18

I have a thread which is updating a list called l. Am I right in saying that it is thread-safe to do the following from another thread?

filter(lambda x: x[0] == "in", l)

If its not thread safe, is this then the correct approach:

import threading
import time
import Queue

class Logger(threading.Thread):
    def __init__(self, log):
        super(Logger, self).__init__()
        self.log = log
        self.data = []
        self.finished = False
        self.data_lock = threading.Lock()

    def run(self):
        while not self.finished:
            try:
                with self.data_lock: 
                    self.data.append(self.log.get(block=True, timeout=0.1))
            except Queue.Empty:
                pass

    def get_data(self, cond):
        with self.data_lock: 
            d = filter(cond, self.data)      
        return d 

    def stop(self):
        self.finished = True
        self.join()  
        print("Logger stopped")

where the get_data(self, cond) method is used to retrieve a small subset of the data in the self.data in a thread safe manner.

Baz
  • 12,713
  • 38
  • 145
  • 268

2 Answers2

7

First, to answer your question in the title: filter is just a function. Hence, its thread-safety will rely on the data-structure you use it with.
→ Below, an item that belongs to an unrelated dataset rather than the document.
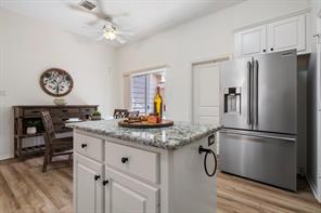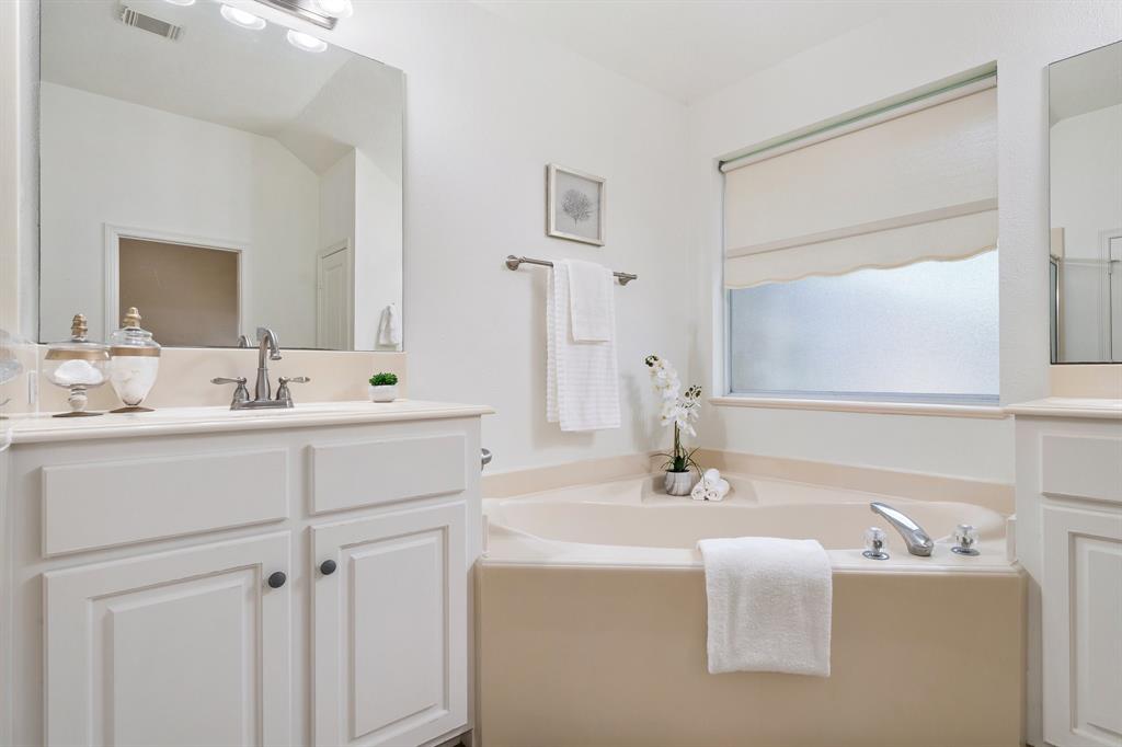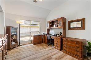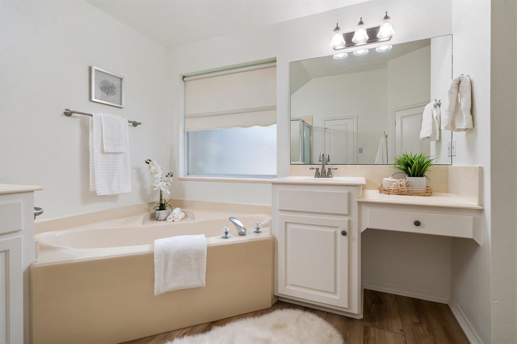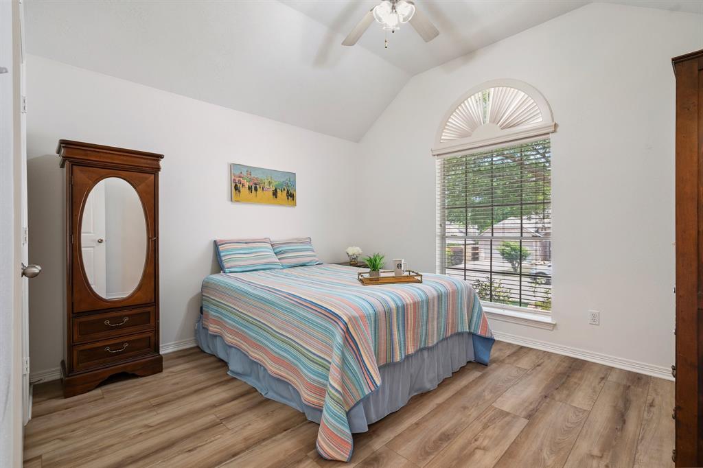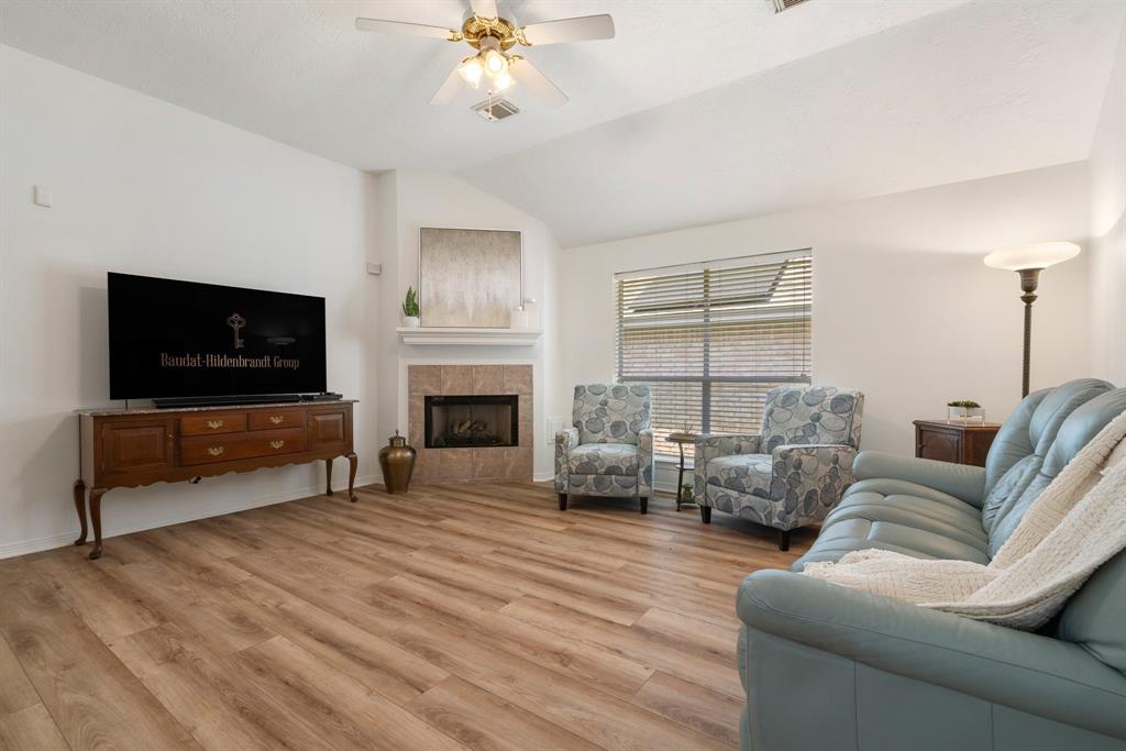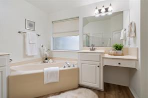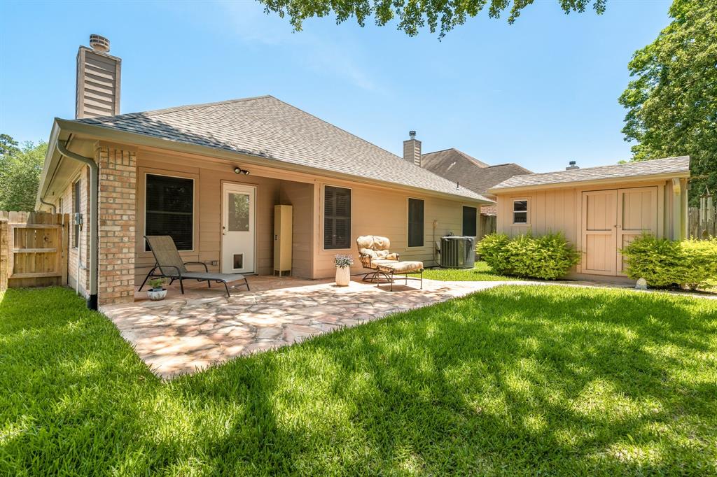 Discover refined living in this 2-bedroom, 2-bathroom patio home, where recent vinyl plank flooring flows throughout. The formal entryway features high ceilings, windows are a defining feature, bathing every room with natural light. A dedicated study, complete with custom built-in shelving, provides the ideal flexible space. The kitchen is a chef's delight, boasting a generous island with stunning granite countertops, classic shaker cabinets and sleek stainless steel appliances. This well-designed space offers ample storage and counter space. Retreat to the luxurious primary suite, featuring double sinks, vanity space, a large soaking tub, and a separate walk-in shower. The secondary bedroom is equally inviting, with an arched window. A utility room is located inside the home. Step outside to a spacious green backyard featuring a cobblestone pathway and covered patio lined with mature landscaping. Don’t miss the opportunity to make this gem your own!

As pointed out in the comments already, list operations themselves are thread-safe in CPython and protected by the GIL, but that is arguably only an implementation detail of CPython that you shouldn't really rely on. Even if you could rely on it, thread safety of some of their operations probably does not mean the kind of thread safety you mean:

The problem is that iterating over a sequence with filter is in general not an atomic operation. The sequence could be changed during iteration. Depending on the data-structure underlying your iterator this might cause more or less weird effects. One way to overcome this problem is by iterating over a copy of the sequence that is created with one atomic action. Easiest way to do this for standard sequences like tuple, list, string is with the slice operator like this:

filter(lambda x: x[0] == "in", l[:])

Apart from this not necessarily being thread-safe for other data-types, there's one problem with this though: it's only a shallow copy. As your list's elements seem to be list-like as well, another thread could in parallel do del l[1000][:] to empty one of the inner lists (which are pointed to in your shallow copy as well). This would make your filter expression fail with an IndexError.

All that said, it's not a shame to use a lock to protect access to your list and I'd definitely recommend it. Depending on how your data changes and how you work with the returned data, it might even be wise to deep-copy the elements while holding the lock and to return those copies. That way you can guarantee that once returned the filter condition won't suddenly change for the returned elements.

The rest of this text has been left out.